Last month, Mr Kenny commented: “A lot of the time when you read about these objections, you say ‘this is Nimbyism - a snail or a seagull or whatever’ but this is real and that is why we are delighted that this has been writ large by the DAU.”

He said: “We did say before that this planned nursing home is like Cinderella’s slipper and the ugly sister trying to cram the big foot into it and that is what they have been trying to do”.

As part of preparation in lodging the application, Bartra submitted a Badger Conservation Plan which stated that once proposed mitigation measures have been implemented for the local badgers, the proposed nursing home “will not have a significant impact on the (badger) sett structure”.

However, the Kennys disagreed with the conclusion of the Badger Conservation Plan and instead claimed in their objection that “what is proposed by the applicants as mitigation (of the badger sett) will result in extermination”.

The Kennys claimed that the excavation for the nursing home building at the southern end of the site would destroy the sett “and with it, the badger family”.

The Kennys stated that any destruction of the badger sett would be  "cruel and unconscionable.”

The DAU  stated that it seems unlikely that the various elements of the nursing home scheme can be constructed without encroachment on, and at least the partial destruction of the badger sett, probably including its main chambers.

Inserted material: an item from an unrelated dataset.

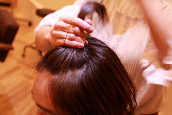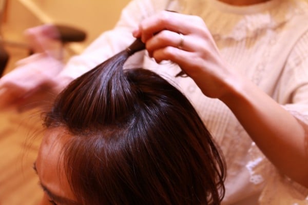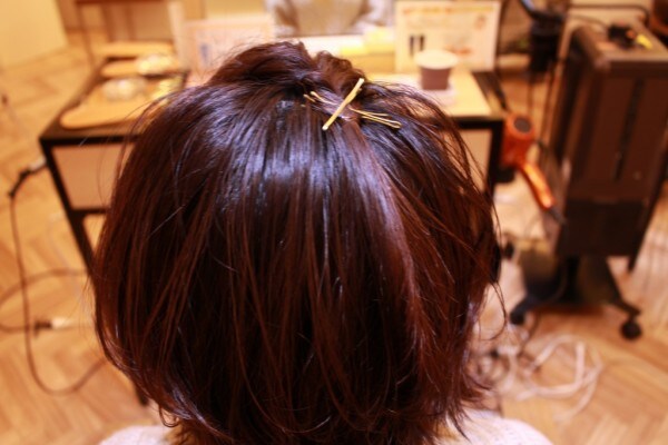 この時、こんな風に髪を円形にとると、見栄えもキレイにまとめることができますよ!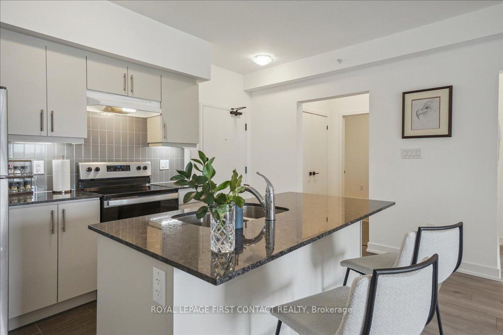 Client RemarksBistro 6 Condo - 1 Bedroom + Den in Barrie.....Welcome to this bright and spacious 1-bedroom plus den condo located in the sought-after Bistro 6 building in Barrie! Perfectly designed for modern living, this unit offers a generous layout with plenty of natural light. The open-concept living and dining area provides ample space for both relaxation and entertaining.The well-sized bedroom features large windows, offering a serene retreat, while the additional den o…ffers flexibility for an office, reading nook, or guest space. The contemporary kitchen is fully equipped with sleek appliances and ample cabinetry for all your culinary needs.Enjoy the convenience of in-suite laundry, private parking, and more. Located close to all of Barrie's best attractions, including shops, restaurants, parks, and the waterfront, this condo offers the perfect blend of comfort and convenience. Dont miss your chance to call this beautiful, move-in ready space your new home!

As part of their objection concerning the badgers, the Kennys stated that they are in the fortunate and unique position of having an active breeding badger sett “within the grounds of our home”.

They stated that the badgers have been there for in excess of 20 years.

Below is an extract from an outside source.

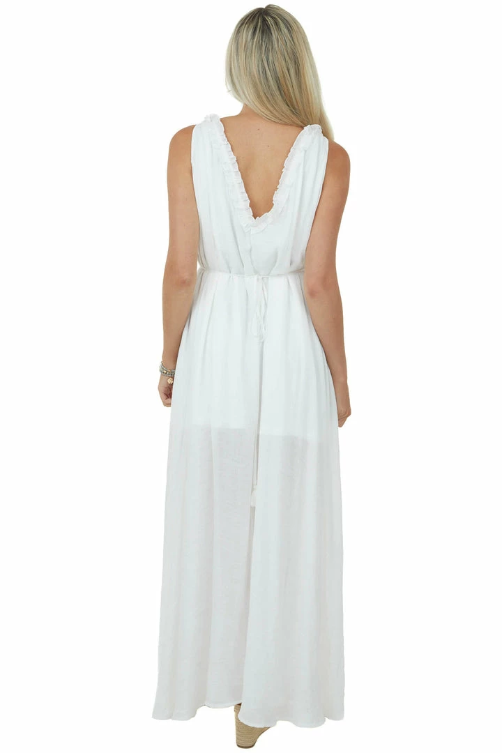 - Off White Surplice Maxi Dress with Deep Side Slit

The Kennys revealed: “During this time, we have let them be and kept an eye on them. We have been rewarded over the years with the sight of young badger cubs playing.

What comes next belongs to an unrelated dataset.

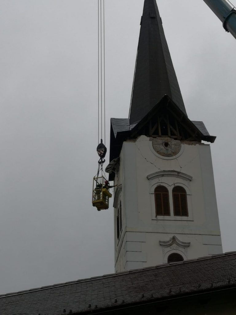 - Započeli smo uklanjanje tornja sa zvonika katedrale u Sisku. Skidanje se radi u fazama. Prva faza je uklanjanje ostataka žbuke i cigle te osiguranje gurtnama zidanog zvonika od urušavanja. Druga faza je skidanje križa sa tornja i treća faza osiguranje samog tornja i skidanje istog u cijelosti. Skidanje tornja vrši se na sličan način kao i na Zagrebačkoj katedrali. Danas se planira izvršiti treća faza uklanjanja cijelog tornja, i nakon toga uklanjanje zvona iz zvonika. Radove izvode djelatnici JVP grada Zagreba, specijalistički tim za spašavanje iz dubina i s visina. Spašavanje iz ruševina odrađuje se u suradnji sa JVP Grada Siska, poduzećem Mamut Zagreb, PU Sisačko-moslavačka i djelatnika župe – rekao je zapovjednik Javne vatrogasne postrojbe Grada Zagreba Siniša Jembrih.

They added: “It is not just our family, but the entire neighbourhood, particularly the children, who enjoy these shy nocturnal creatures.”

Fears for the future of the badgers was just one element of the comprehensive Kenny objection against the nursing home.

The Council refused planning permission to the Bartra plan after finding that the proposed nursing home “would adversely impact on the residential amenity of adjacent properties by reason of overlooking and overbearing appearance”.

The Council also refused planning as the proposal “would detract from the existing visual and residential amenities of the area, would depreciate the value of property in the vicinity, and if permitted, set an undesirable precedent for similar development in the area”.

Bartra already has planning permission for an apartment scheme on the nursing home site and can advance that scheme if the company doesn't secure planning permission for the nursing home.